Exercise objective:
Only the lines below from the one with "波拉韓女童甜美碎花裙2025夏天女孩連衣裙子兒童洋氣吊帶裙背心裙" through the one with "Orez pufos, legume" are to be written out, exactly and without any images.

Material to process:
##############################
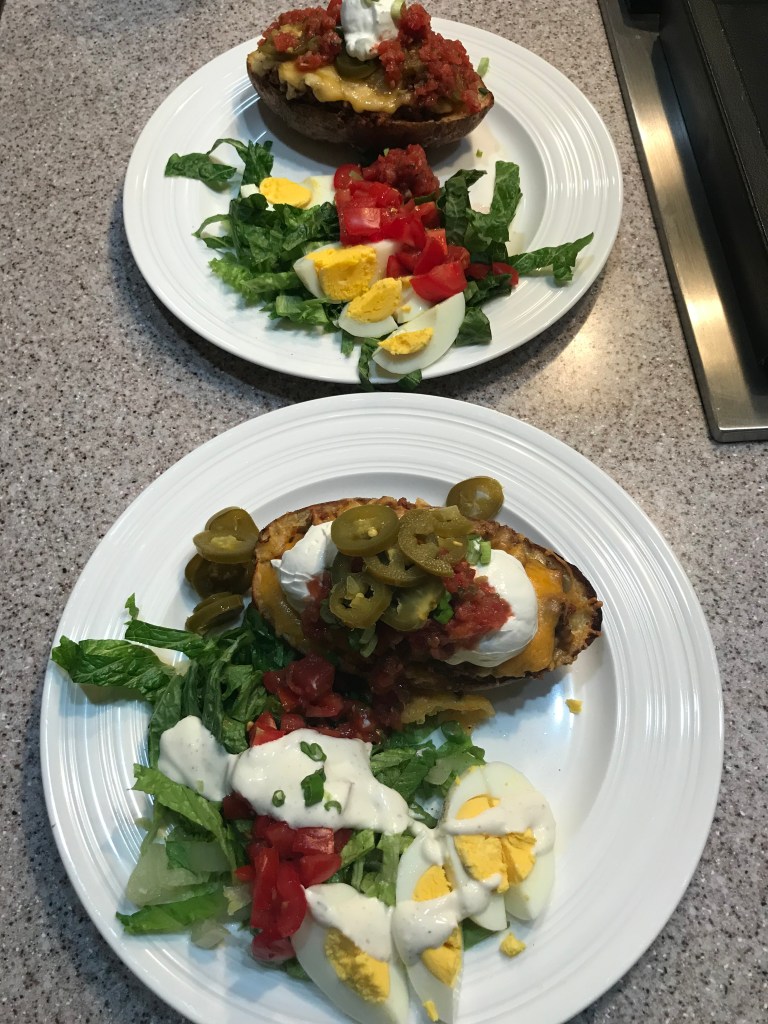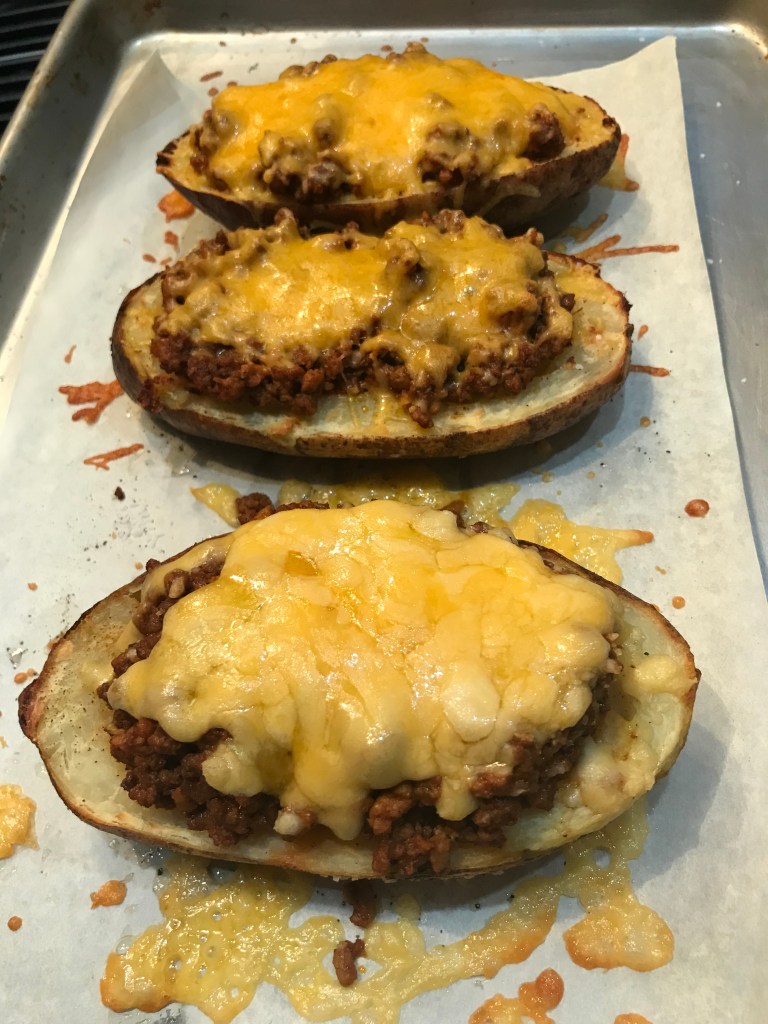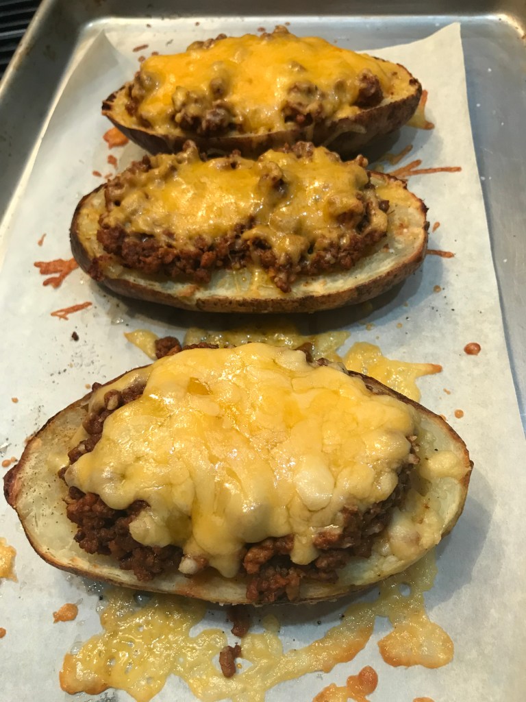 Cut the potatoes in half and scoop out some of the insides. (Use these leftovers in a frittata for breakfast!) Place a little butter in the bottom and sprinkle with salt and pepper. Fill with as much filling as you’d like (you can also add a layer of refried beans in the bottom if you are in the mood) and top with some grated cheese I used cheddar here, but pepper or regular monetary jack cheese would be great – or mix it up will all of those. Whatever you like will work as long as it melts nicely. Toss in the oven at 350 for 10 – 15 minutes until the cheese melts and every thing is nice and hot.
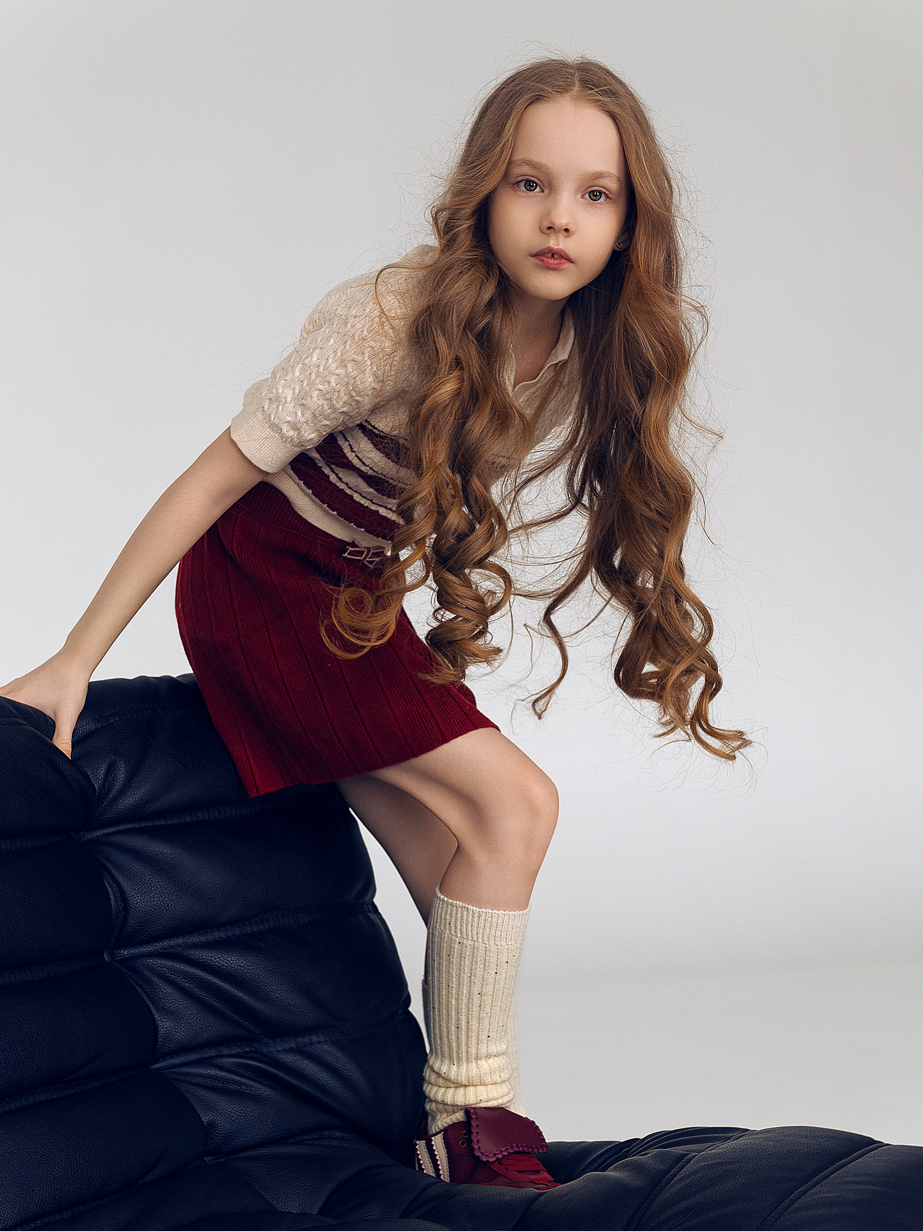 детскийпортреткрасиваядевочкадевочкавстудиикороткаяюбкаэмоцииребенка
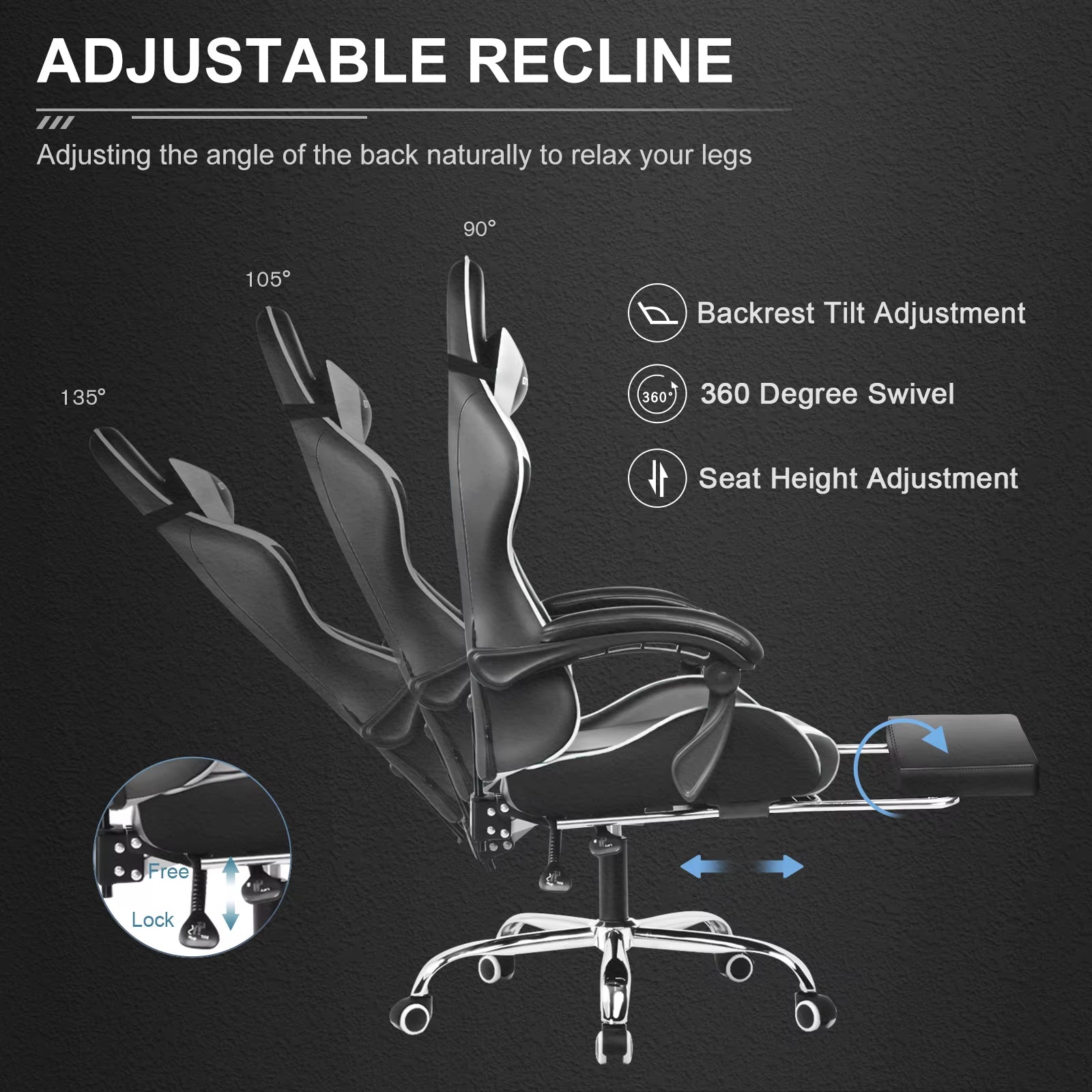 【Multi-Adjustments】 10cm Height Adjustable makes this gaming chair suitable for children, teenagers and adults; 90° - 150° Reclining Backrest adapts your different position; 360° Swivel Seat and Multi-direction Silent Caster together helps you to rotate and glide free as you like; Electronic Massage Lumbar Pillow; Retractable Footrest; Head Rest; Linkage Armrest.
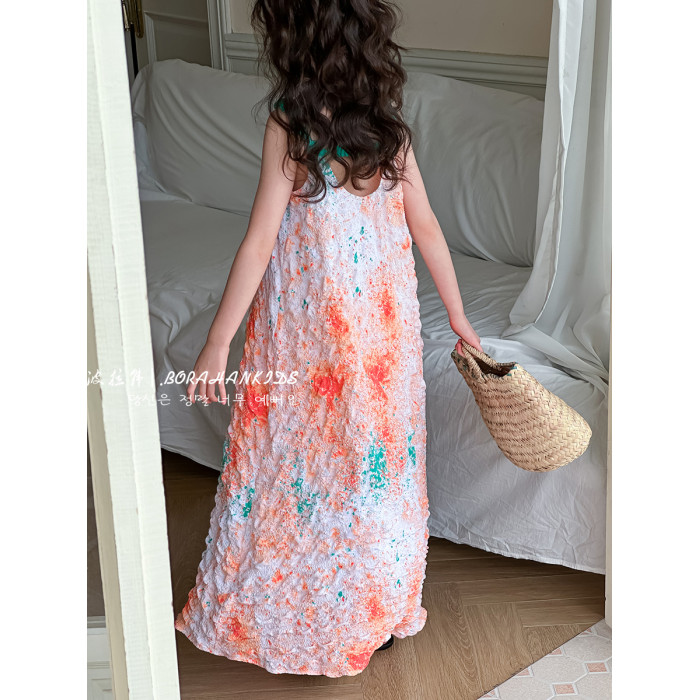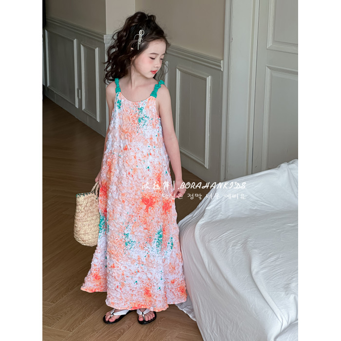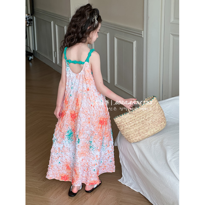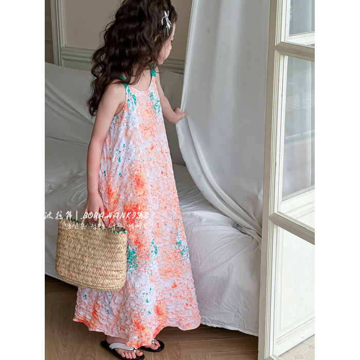 波拉韓女童甜美碎花裙2025夏天女孩連衣裙子兒童洋氣吊帶裙背心裙
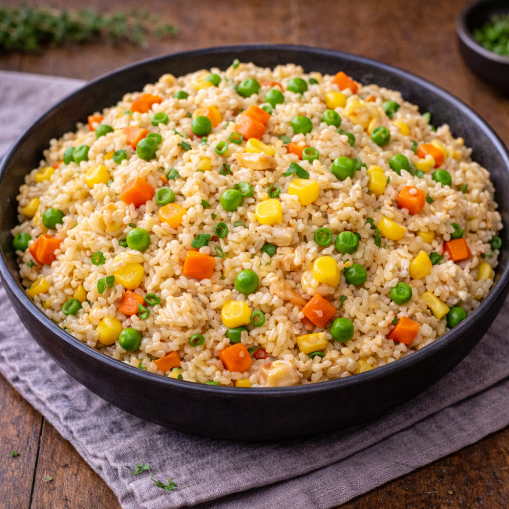 Orez pufos, legume crocante și arome asiatice care se îmbină perfect într-un preparat delicios. Ușor, gustos și plin de energie – o alegere excelentă pentru orice moment al zilei!
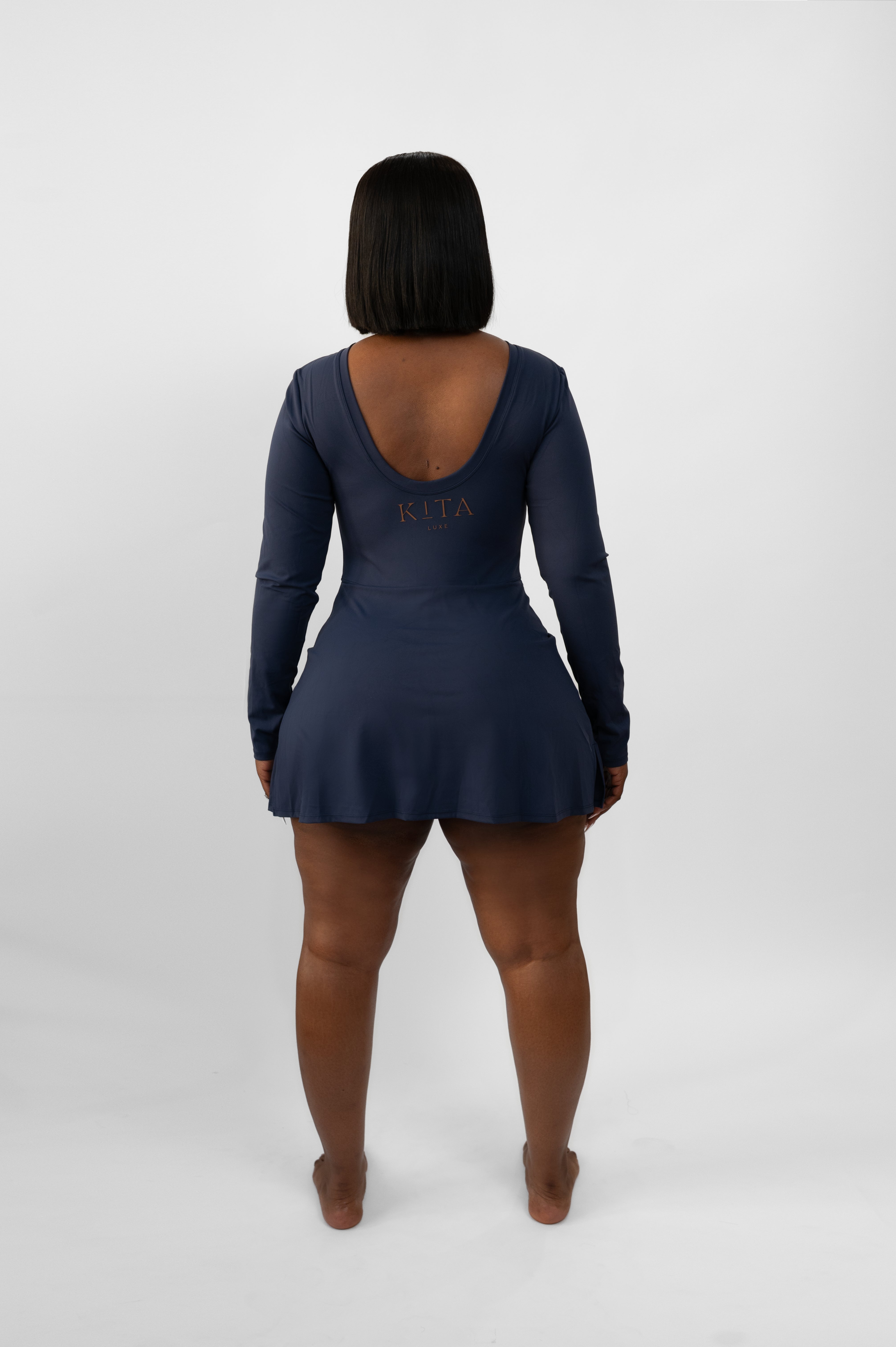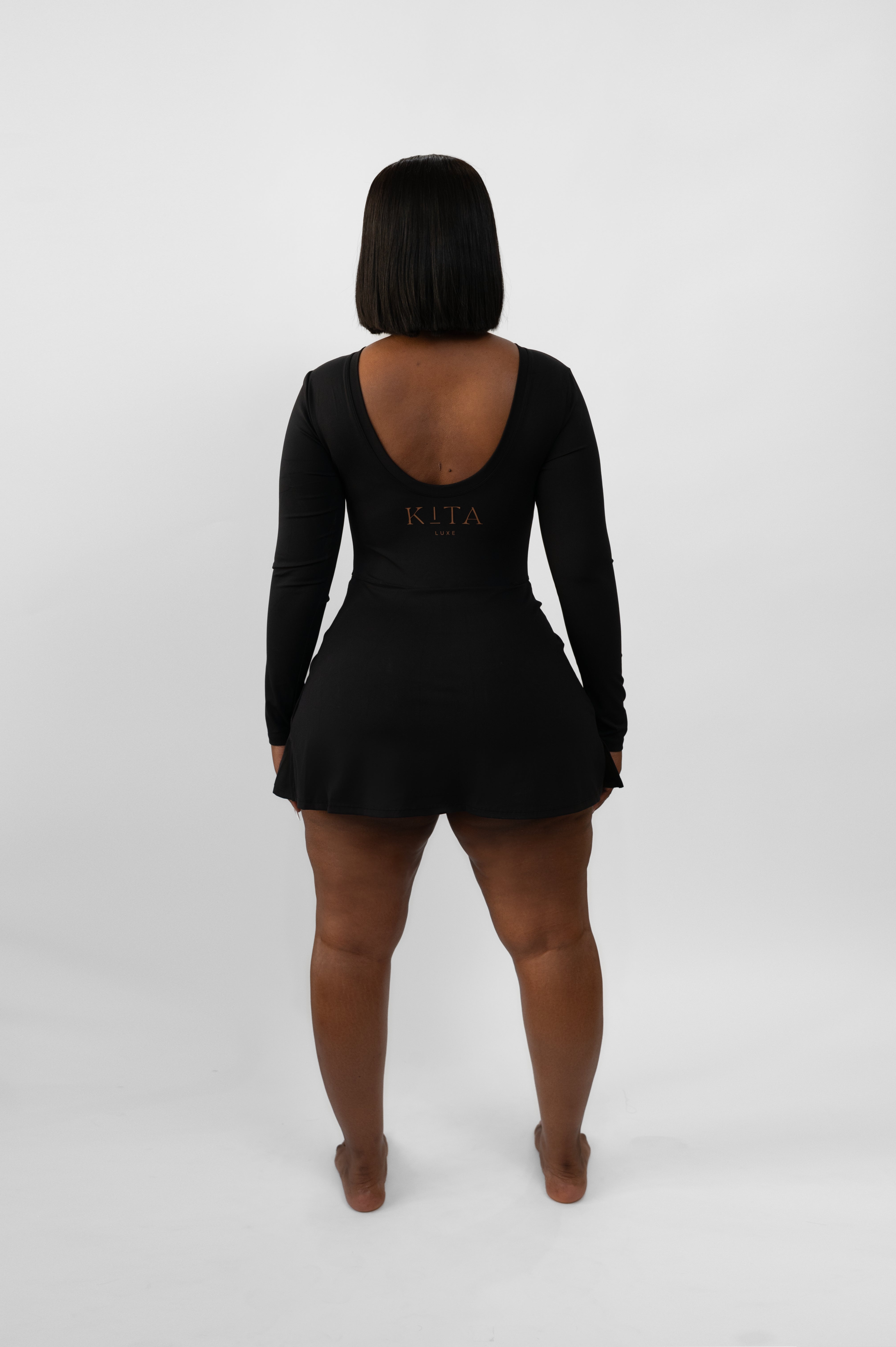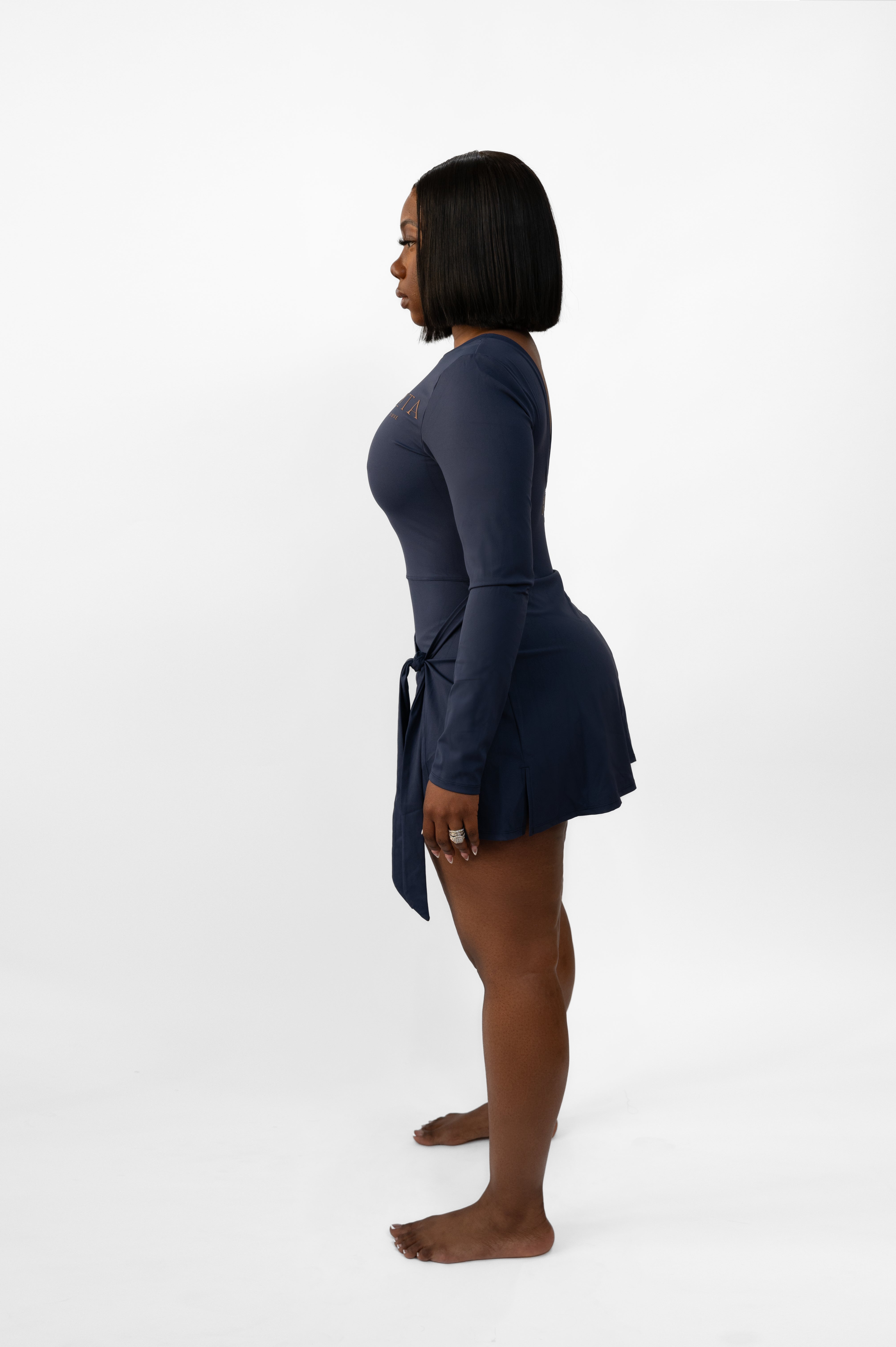 •  Breathable long sleeve solid color split binding slim tennis dress Unique Design Points: •  U-type hollow back design •  Sculpting fabric to enhance your natural shape + split strap design •  Bowknot design is fashionable + fake two-peice design •  Flattering A-line design with built-in anti-exposure shorts for extra support  and convenient •  Pleasted design better shows your charming...
##############################
Result of the task:
 波拉韓女童甜美碎花裙2025夏天女孩連衣裙子兒童洋氣吊帶裙背心裙
 Orez pufos, legume crocante și arome asiatice care se îmbină perfect într-un preparat delicios. Ușor, gustos și plin de energie – o alegere excelentă pentru orice moment al zilei!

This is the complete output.